We assembled growth rate data for West Atlantic green turtles resulting in the largest (n = 9,690 growth increments, longest (from 1973 through 2015), and most widespread (from Bermuda to Uruguay) dataset ever compiled for sea turtles. It showed both (Multivariate El Niño Southern Oscillation Index - MEI) and Sea Surface Temperature effects were attributed to indirect negative effects of rising temperatures on foraging habitats (primarily coral reefs) and prey organisms, influenced the decrease in turtle growth rates. These results were similar for loggerheads turtles and hawksbill turtles.

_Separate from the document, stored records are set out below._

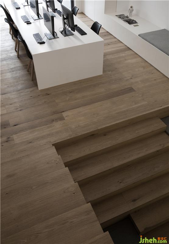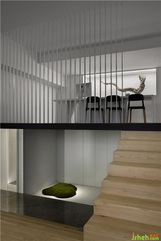 沿著光的指引,我們首先進(jìn)入左邊的空間,這是屬于設(shè)計(jì)部的區(qū)域。溫潤的原木、空曠的白、冷峻的灰,還有那一角綠色的青苔,都能讓心馬上平靜下來;為了讓辦公區(qū)得到更好的視野、光線和合理的空間比例,我們提升了辦公區(qū)域的地面,辦公室設(shè)計(jì)下面作為儲(chǔ)物間和設(shè)備間,這樣即豐富了空間的層次,又解決了收納的問題;利用高度差,從入口到辦公區(qū)域的樓梯設(shè)計(jì)成可休閑看書,可臨時(shí)變成會(huì)議室的多功能區(qū)域;而辦公區(qū)域上空懸吊著那條猶如藝術(shù)裝置的物體,這是可根據(jù)功能需求、調(diào)節(jié)燈光色溫和亮度的燈具,隨著工作的心情變換工作的氛圍。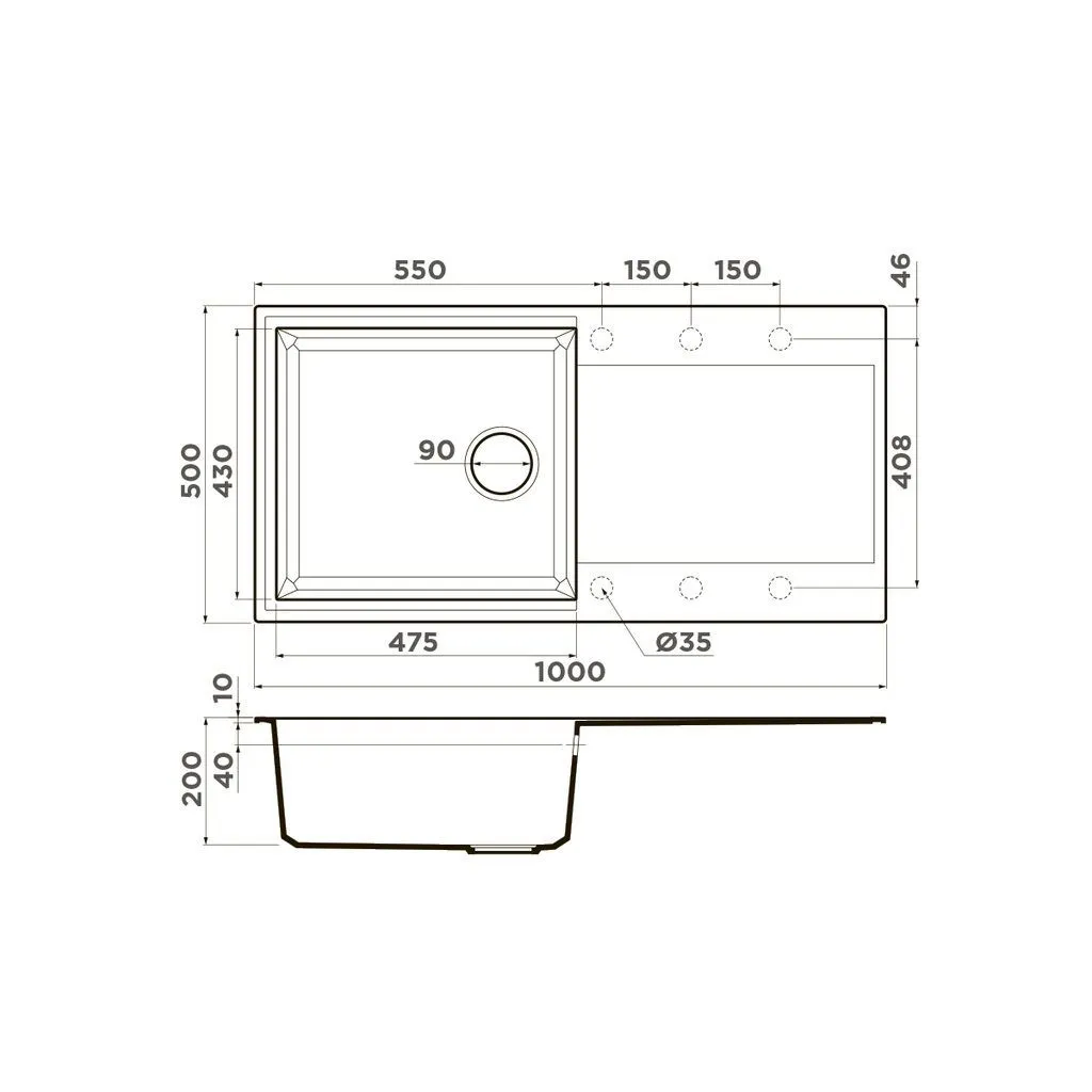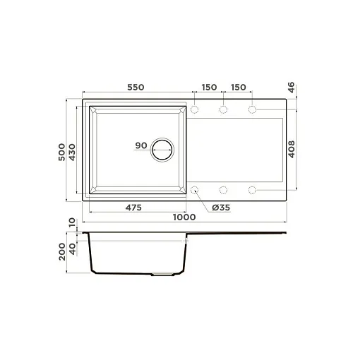 • Мойка черного цвета создана из материала «Tetogranit Metal». В его составе: акриловая смола и натуральный гранит с добавлением металлических частиц, которые придают блеск и мерцание поверхности мойки. «Tetogranit Metal» отличается максимальной устойчивостью к температурным перепадам и ударам;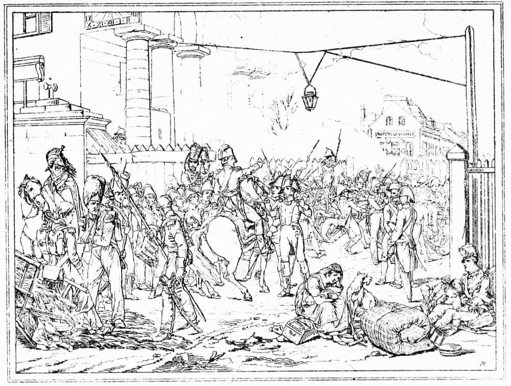 While everything portended a sanguinary affair, the danger becoming every instant more pressing, the Convention discussed the situation without coming to any decision. Suddenly a column of a few battalions headed by Lafond, an emigrant, appeared on Point Neuf, and obliged Cartaux to fall back under the posterns. At about a quarter past four some rockets were fired from the Hotel de Noailles. This was the signal for the attack. Lafond’s column wheeled round, and marched on the Pont Royal along the Quai Voltaire. This column was routed by the artillery of the Louvre and Pont Royal after rallying three times under the fire. St. Roche was taken, and every other post occupied by the sectionaries, was cleared. At six o’clock, the affray was over; and if a few cannon were heard during the night, they were discharged to destroy the barricades which some of the citizens still wished to maintain.{9}{8}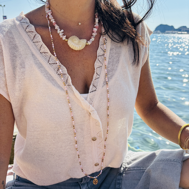 Un bijou deux-en-un à porter en collier ou en bracelet 6 tours.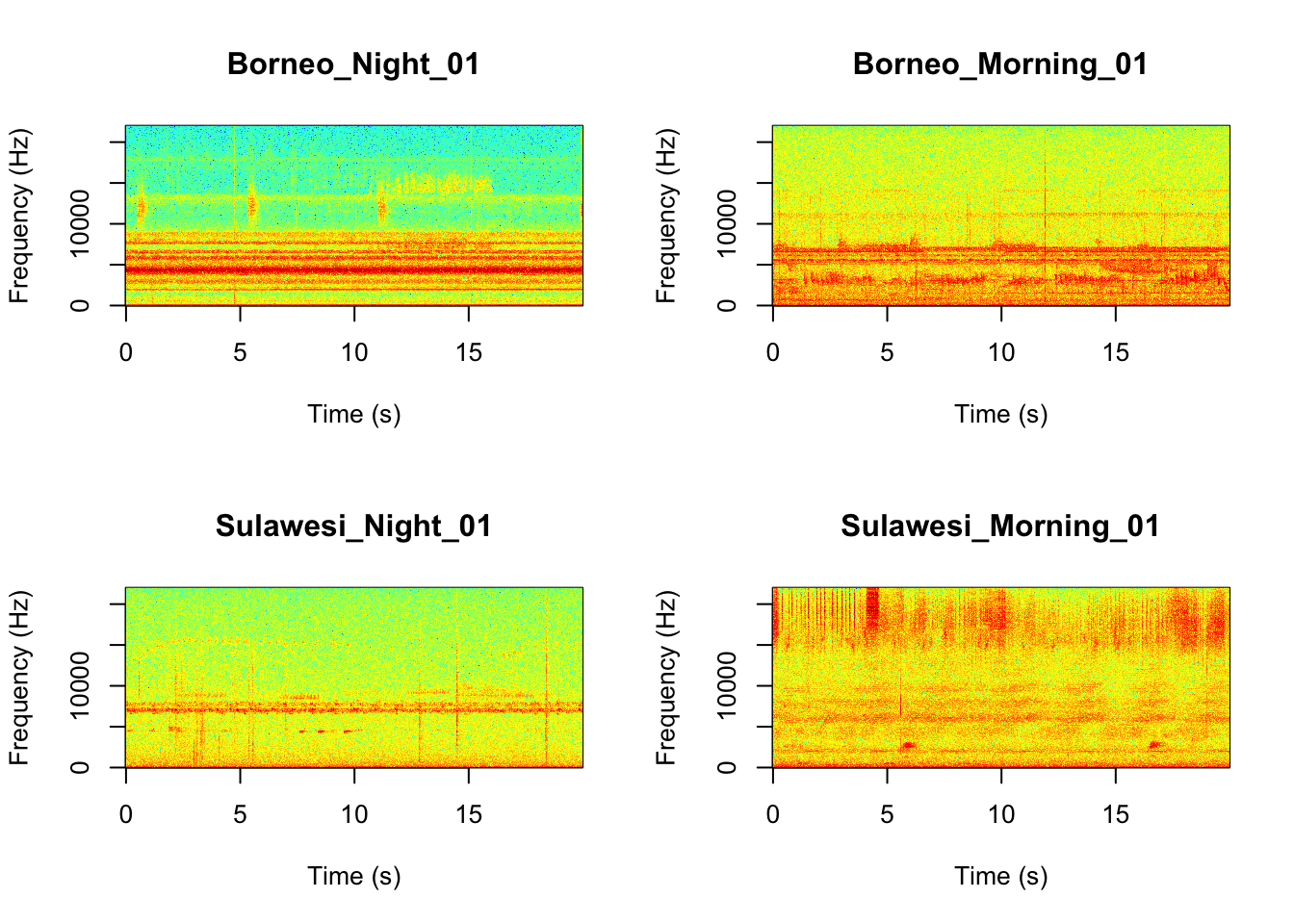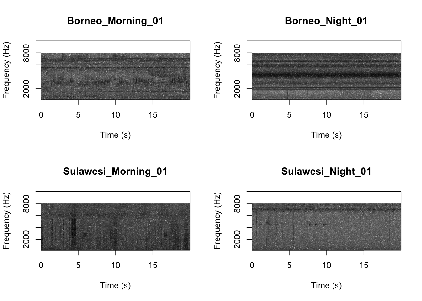 It looks like the Borneo_Night sampling period was much different from the rest! Let’s look at a single spectrogram from each sampling location and time.
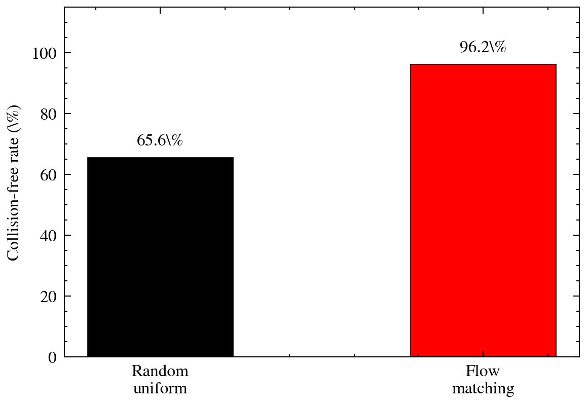 Applied to robotics, this translates into a generator that produces valid arm configurations without explicit collision checking at test time. The model learns the shape of the free configuration space from data alone, achieving 96.2% collision-free accuracy compared to 65.6% for random sampling.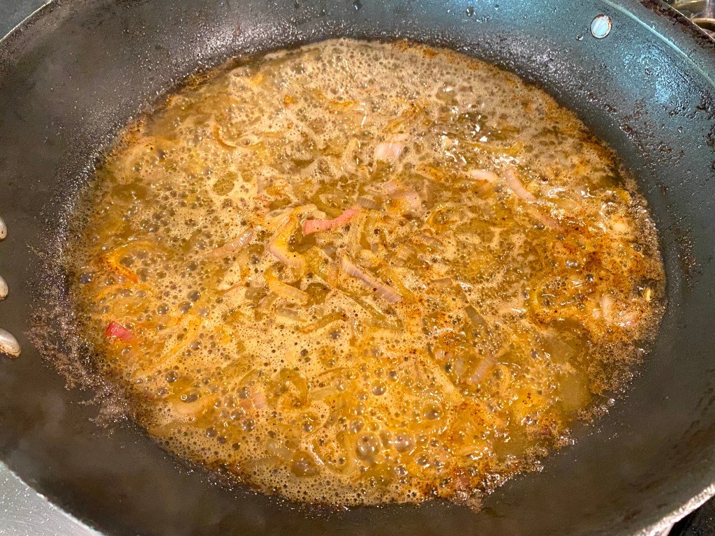 The recipe called for a quarter cup of white wine but I used a bit more, and you reduce it by half…now, Chef also recommends you take any drippings from the pork in the oven and put it in the sauce as well….after cooking down, you have your delicious smelling sauce here: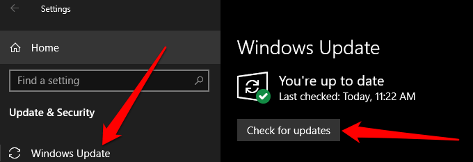 - Select **Windows Updates** on the left pane and then select **Check for updates**.
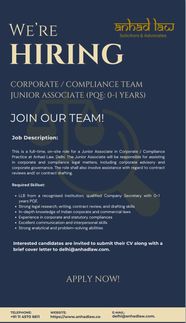 Anhad Law is inviting applications for the role of Junior Associate to join its Corporate / Compliance Practice at the New Delhi office. This opportunity is ideal for freshers and young professionals looking to build a career in corporate advisory, governance, and compliance work within a structured law firm environment.

There are several stressors that would increment the effects of abruptal climatic global change or a gradual global warming, like changes on productivity, mortality, abundance and distribution of organisms that sea turtles consume. Adding the increase in human populations in coastal areas who brings a lot of threaten (dredging, aquaculture development, eutrophication, algal blooms, introduced species, overfishing, sewage discharges and others). So, determining the relative importance of individual stressors on growth rates is deserve for future researches.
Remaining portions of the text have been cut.